Why then do the dancers from the P8njabi traditionb have to be seen as 'ethnic minority?' The audience seemed to be composed of a variety of people from a wide range of income groups and racial origins. There wasn't at any time a sense of 'theirs' and 'ours,' just an audience watching traditional dance. So what I want to know is, how long does a tradition have to be in a country before it becomes part of the culture? The braided Maypole made it in a matter of decades and only a hundred and fifty years ago or thereabouts. The Sword dances certainly have an air of antiquity but much of the Morris seems to date from around 1492 - Moorish expulsion from Europe? The Notting Hill Carnival is a recent import but part of the Cultural Calendar every bit as much as Abbotts Bromley. So what's going on? Are we so insular that we can't recognise a Morris dance unless the performers are from families named in the Domesday Book?

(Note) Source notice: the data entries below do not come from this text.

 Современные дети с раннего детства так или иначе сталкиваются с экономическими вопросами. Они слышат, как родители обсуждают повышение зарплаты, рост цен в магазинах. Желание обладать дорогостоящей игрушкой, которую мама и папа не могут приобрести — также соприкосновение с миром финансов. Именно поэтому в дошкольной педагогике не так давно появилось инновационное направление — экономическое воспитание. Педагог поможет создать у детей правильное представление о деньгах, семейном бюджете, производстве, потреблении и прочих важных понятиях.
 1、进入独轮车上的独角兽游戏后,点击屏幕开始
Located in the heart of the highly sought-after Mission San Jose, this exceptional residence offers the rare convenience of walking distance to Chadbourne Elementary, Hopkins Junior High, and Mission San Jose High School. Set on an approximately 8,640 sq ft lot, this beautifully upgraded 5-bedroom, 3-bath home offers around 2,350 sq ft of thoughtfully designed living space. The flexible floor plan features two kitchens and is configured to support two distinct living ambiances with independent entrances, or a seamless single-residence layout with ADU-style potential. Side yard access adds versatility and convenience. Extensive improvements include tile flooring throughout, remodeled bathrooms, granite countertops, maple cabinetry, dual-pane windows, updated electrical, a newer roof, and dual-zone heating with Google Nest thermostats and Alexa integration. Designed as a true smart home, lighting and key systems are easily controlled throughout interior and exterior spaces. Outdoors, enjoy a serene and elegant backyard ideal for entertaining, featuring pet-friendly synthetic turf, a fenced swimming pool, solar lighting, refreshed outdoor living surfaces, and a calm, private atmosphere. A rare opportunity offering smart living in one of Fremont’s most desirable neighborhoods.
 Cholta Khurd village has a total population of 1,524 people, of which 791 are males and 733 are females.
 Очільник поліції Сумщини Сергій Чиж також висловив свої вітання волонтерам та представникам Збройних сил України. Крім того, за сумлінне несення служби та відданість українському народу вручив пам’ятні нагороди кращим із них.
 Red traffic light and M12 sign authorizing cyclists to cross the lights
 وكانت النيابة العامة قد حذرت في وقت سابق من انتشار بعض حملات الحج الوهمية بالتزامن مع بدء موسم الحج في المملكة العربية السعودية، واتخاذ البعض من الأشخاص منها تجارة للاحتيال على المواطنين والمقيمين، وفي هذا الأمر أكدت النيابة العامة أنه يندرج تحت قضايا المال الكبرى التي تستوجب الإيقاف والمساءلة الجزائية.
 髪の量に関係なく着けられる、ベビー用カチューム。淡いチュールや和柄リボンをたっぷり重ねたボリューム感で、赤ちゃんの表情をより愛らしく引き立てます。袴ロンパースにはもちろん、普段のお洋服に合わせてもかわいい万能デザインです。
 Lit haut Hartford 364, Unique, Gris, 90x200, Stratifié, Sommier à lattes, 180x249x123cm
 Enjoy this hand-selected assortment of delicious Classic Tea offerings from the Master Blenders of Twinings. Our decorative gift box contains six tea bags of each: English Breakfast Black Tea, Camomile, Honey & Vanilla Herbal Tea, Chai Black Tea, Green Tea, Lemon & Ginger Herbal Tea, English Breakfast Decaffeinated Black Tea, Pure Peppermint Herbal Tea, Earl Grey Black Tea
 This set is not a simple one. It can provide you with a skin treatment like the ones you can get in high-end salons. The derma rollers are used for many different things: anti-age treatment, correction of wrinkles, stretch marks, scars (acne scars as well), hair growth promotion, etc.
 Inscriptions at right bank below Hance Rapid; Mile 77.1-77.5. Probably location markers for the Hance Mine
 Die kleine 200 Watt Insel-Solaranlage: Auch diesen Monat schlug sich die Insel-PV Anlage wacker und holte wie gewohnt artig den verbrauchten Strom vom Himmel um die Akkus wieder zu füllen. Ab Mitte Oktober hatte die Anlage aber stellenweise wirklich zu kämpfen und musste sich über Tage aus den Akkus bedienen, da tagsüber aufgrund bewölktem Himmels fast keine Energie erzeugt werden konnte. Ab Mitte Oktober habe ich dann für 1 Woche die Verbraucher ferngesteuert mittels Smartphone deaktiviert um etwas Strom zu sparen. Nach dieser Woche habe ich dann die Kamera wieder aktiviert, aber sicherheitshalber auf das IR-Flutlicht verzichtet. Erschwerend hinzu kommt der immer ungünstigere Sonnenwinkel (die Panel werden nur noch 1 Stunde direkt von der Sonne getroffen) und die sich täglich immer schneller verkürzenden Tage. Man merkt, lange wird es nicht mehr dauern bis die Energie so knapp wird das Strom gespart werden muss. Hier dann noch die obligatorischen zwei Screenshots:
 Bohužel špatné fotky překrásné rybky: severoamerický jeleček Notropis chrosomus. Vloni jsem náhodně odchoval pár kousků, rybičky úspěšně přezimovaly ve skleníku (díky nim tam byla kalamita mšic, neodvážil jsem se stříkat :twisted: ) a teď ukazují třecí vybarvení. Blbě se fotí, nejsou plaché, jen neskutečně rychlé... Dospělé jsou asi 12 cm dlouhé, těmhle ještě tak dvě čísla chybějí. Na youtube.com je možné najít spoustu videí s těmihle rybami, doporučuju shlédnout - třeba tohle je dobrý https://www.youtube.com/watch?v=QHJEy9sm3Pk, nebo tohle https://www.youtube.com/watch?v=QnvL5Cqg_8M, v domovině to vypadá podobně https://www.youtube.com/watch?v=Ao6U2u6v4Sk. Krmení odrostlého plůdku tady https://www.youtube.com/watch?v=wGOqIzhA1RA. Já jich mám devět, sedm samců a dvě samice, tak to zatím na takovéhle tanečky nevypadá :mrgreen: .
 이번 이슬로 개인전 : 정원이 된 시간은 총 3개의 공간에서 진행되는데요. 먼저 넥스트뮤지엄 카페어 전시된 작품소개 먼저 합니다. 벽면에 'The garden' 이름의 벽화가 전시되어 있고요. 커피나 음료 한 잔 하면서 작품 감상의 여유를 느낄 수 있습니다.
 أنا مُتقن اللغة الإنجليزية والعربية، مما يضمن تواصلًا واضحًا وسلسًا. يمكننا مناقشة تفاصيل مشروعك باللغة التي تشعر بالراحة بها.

Our young musicians seem quite cosmopolitan in their tastes except they don't want to play English music. Still there must be scores of Danish, French, Irish and Swedish teenagers playing English stuff, areb't there? From audience responses the other week I don't think the lads in the Punjabi dance side have any illusions about the future of their dance tradition - the attitudes in the Asian community seemed to reflect that of the majority when faced with Morris dancing. Perhaps the only way to protect traditions is to take on each other's? After all, they're not that far apart.